May is quite a lady! In an answer to a question about age at a poetry reading event she replies, ‘I do not feel old. I feel more myself than I ever have been. There is less conflict. I am happier, more balanced, more powerful’. She argues that real old age begins when one looks backwards rather than forwards. There is real delight in describing the everyday – the wood pigeon, the annoying squirrel, the snow and the rain, the turning of the seasons each with their own shape and smell and feel.
The book is also honest. She acknowledges that there is always unfinished business in any life: the unsolved, the painful encounters, the mistakes, the reasons for shame or woe. Sarton is unafraid to face these and opens up her vulnerability and humanity in doing so. In this process she becomes more attractive – more real – more understandable.

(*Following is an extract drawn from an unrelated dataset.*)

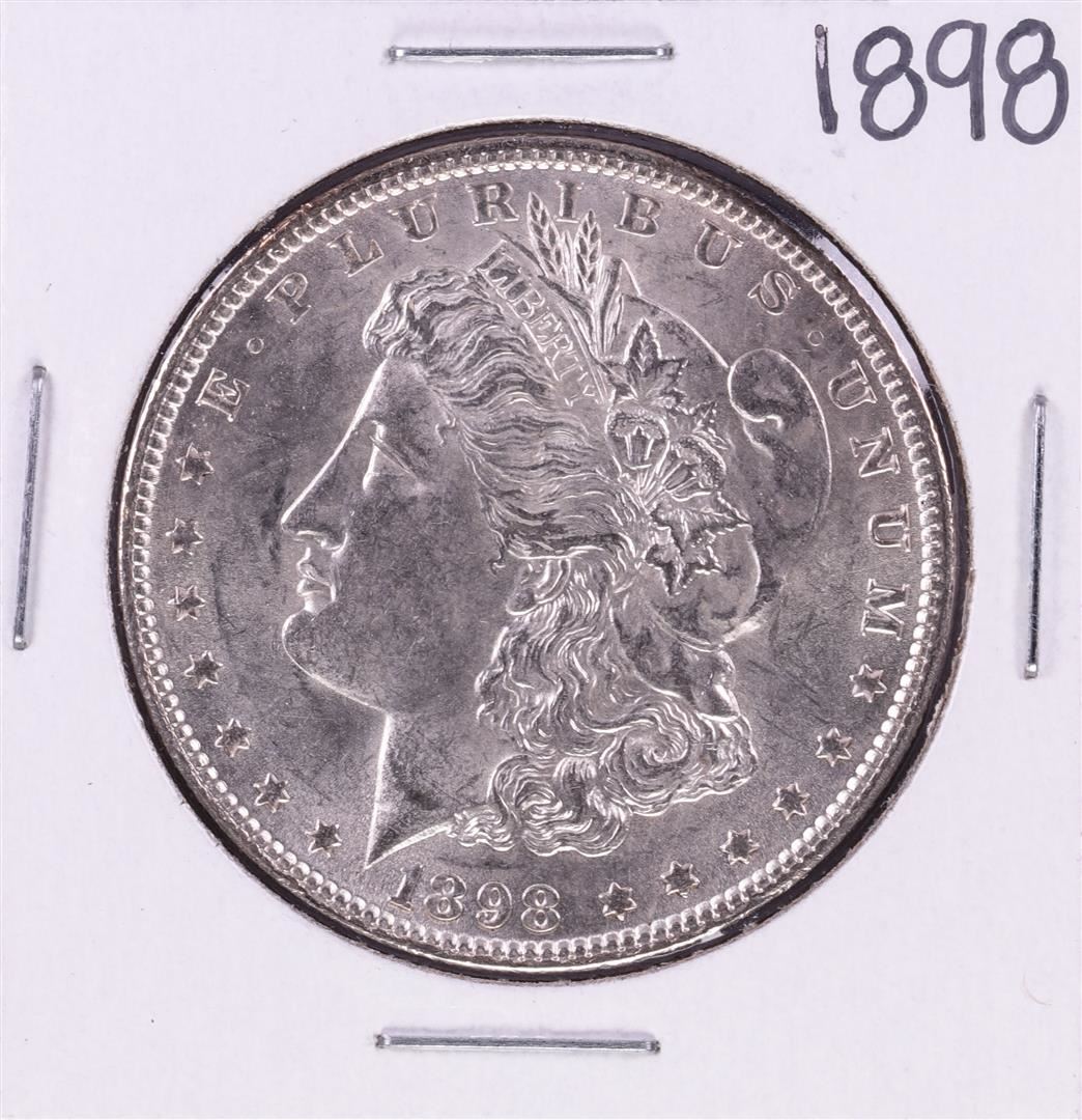 One 1898 $1 Morgan Silver Dollar Coin.

She is clearly pretty active – though is beginning to wonder about help in the garden. She has her name down for a retirement home in five years time and has already started giving bits and pieces away. This is not a life turned in on itself – she is bothered by the world and its injustices. At the time of writing Reagan was in power and he constantly gets a knock for his political and moral stupidity! She is very concerned about the life lost in the Falklands War, unemployment and equal rights. There is balance between the movement inwards and the journey outwards and this gives the writing both balance and wisdom.
As the year passes by, the rhythm of the seasons are described in amazing prose culminating with Christmas and gifts and food and friends. She guards her solitude but uses it as a spring to nourish others. She reminds her reader out of the body of her own life that it is impotant to acknowledge and use our own pain- and that our chief responsibility is not to try and change others for the better but to change ourselves. Be the change you want to become.
As for the religious dimensions – that’s for another day. A great book.